Bomba atómica, ruinas, país desolado, gris. Japón en el año 1945, tras la derrota en la Segunda Guerra Mundial. Una expedición estadounidense (¿cesarán alguna vez de autodenominarse americanos?), con Douglas MacArthur (Tommy Lee Jones) al mando y Bonner Fellers (Matthew Fox) como segundo de a bordo, se encargará de juzgar al emperador japonés, Hiro-Hito. Toda la trama gira alrededor de una decisión que influyó notablemente en la Historia.

El inicio del film hace gala de la bravuconería estadounidense, de la que no se esconde un ápice. Unas fuerzas de ocupación, elegantemente vestidas, que toman como cuartel general el único edificio en pie en diez kilómetros a la redonda y que además dispone de todas las comodidades. A esto se suman sus paseos en coches oficiales entre las cenizas de una civilización y la manida fobia a los comunistas. Suerte que el largometraje cambia pronto y camina por más bellos derroteros.

Amor de pasión lacia

Para Bonner Fellers, el viaje a Japón no significa una conquista, sino un regreso. Enamorado de una joven autóctona (Kaori Momoi), sueña con un reencuentro mágico en una tierra que ha cambiado desde que él la visitase por primera vez. Los bosques frondosos, los paisajes sobrecogedores han dejado lugar a los escombros, a la miseria. La historia de amor, a pesar de estar bien planteada y tener potencia dramática, no cuaja. Desde el casual encuentro en el que los amantes chocan y se caen los apuntes de ella hasta la escena en la que la mujer cuida las heridas del soldado. De fondo, una música melosa termina de derrumbar una posibilidad poética. Por el contrario, la relación amorosa del chófer protagoniza diez segundos de la película y explota mucho mejor la emoción. Lo bueno, si breve...

El botiquín técnico

A pesar de los estereotipos estadounidenses y la tópica historia de amor, la película funciona. La reaniman detalles técnicos, como la prolepsis de los suicidios, en tanto que se comentan antes de que se lleven a cabo, lo que consigue atraer la atención y la tensión. Otro elemento magnético son los golpes a máquina de escribir de Bonner Fellers. Es un recurso bastante utilizado en el cine, pero que causa un efecto de interés en el espectador.

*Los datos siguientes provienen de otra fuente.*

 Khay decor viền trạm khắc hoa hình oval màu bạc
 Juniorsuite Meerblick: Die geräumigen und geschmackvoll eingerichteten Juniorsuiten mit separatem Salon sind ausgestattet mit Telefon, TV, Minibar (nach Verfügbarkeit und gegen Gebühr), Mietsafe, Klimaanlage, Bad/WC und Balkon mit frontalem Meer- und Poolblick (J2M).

Quizá el sonido de lo antiguo, quizá la caligrafía de una letra olvidada, pero el atractivo de la máquina de escribir siempre cumple.

La órbita del emperador

El verdadero núcleo de tensión de la película recae en una decisión que cambiará el mundo, pero sobre todo Japón. El futuro del emperador es incierto y desde las brigadas norteamericanas deberán investigar el grado de implicación del mandatario en la Segunda Guerra Mundial. Para ello, Douglas MacArthur, un militar al estilo de Eastwood en “El sargento de hierro”, envía al general Bonner Fellers a informar sobre el entorno del emperador Hiro-Hito.

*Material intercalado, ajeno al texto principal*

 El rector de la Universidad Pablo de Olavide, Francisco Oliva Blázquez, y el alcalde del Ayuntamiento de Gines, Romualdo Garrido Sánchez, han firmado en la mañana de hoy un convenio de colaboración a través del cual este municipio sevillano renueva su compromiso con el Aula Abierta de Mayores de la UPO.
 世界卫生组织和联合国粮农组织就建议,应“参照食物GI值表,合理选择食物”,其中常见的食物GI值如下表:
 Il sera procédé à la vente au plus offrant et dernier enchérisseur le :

En los encuentros con los líderes del imperio japonés residen los mejores minutos del metraje. Una conversación sublime de Konoe regala una lección de historia, aunque en pantalla Bonner Fellers se niegue a recibirla. Se trata de un momento de lucidez, en la que años de guerras e invasiones se ven desde la sencillez del maniqueísmo; si cualquier país asiático invade otro, son unas hordas de bárbaros y salvajes, ahora bien, cuando el invasor es Estados Unidos, son tropas de la paz, heroicas y salvadoras. Además, los guionistas David Klass y Vera Blasi ponen en boca de Konoe joyas poéticas como: “Han convertido a nuestros hijos en sombras en la pared”.

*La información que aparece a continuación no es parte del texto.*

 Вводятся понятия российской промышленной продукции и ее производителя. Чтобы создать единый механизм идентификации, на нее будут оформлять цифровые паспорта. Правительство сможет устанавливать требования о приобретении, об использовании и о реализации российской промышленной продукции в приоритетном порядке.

En definitiva, una película histórica, política y fallidamente romántica, donde la incertidumbre crece y la decisión final oscila entre la justicia y la venganza. Utilizando los curiosos conceptos de Tannatae (“lo que parece”) y Honne (“lo que es”), que por cierto tras investigaciones por la red parecen palabras inventadas, podría terminar de describirse el filme: el Tannatae es una película de guerra, épica, victoriosa y el Honne es una propaganda antibélica, que muestra ante los ojos del espectador las ruinas y la desesperación que reinan en la población tras cualquier conflicto bélico.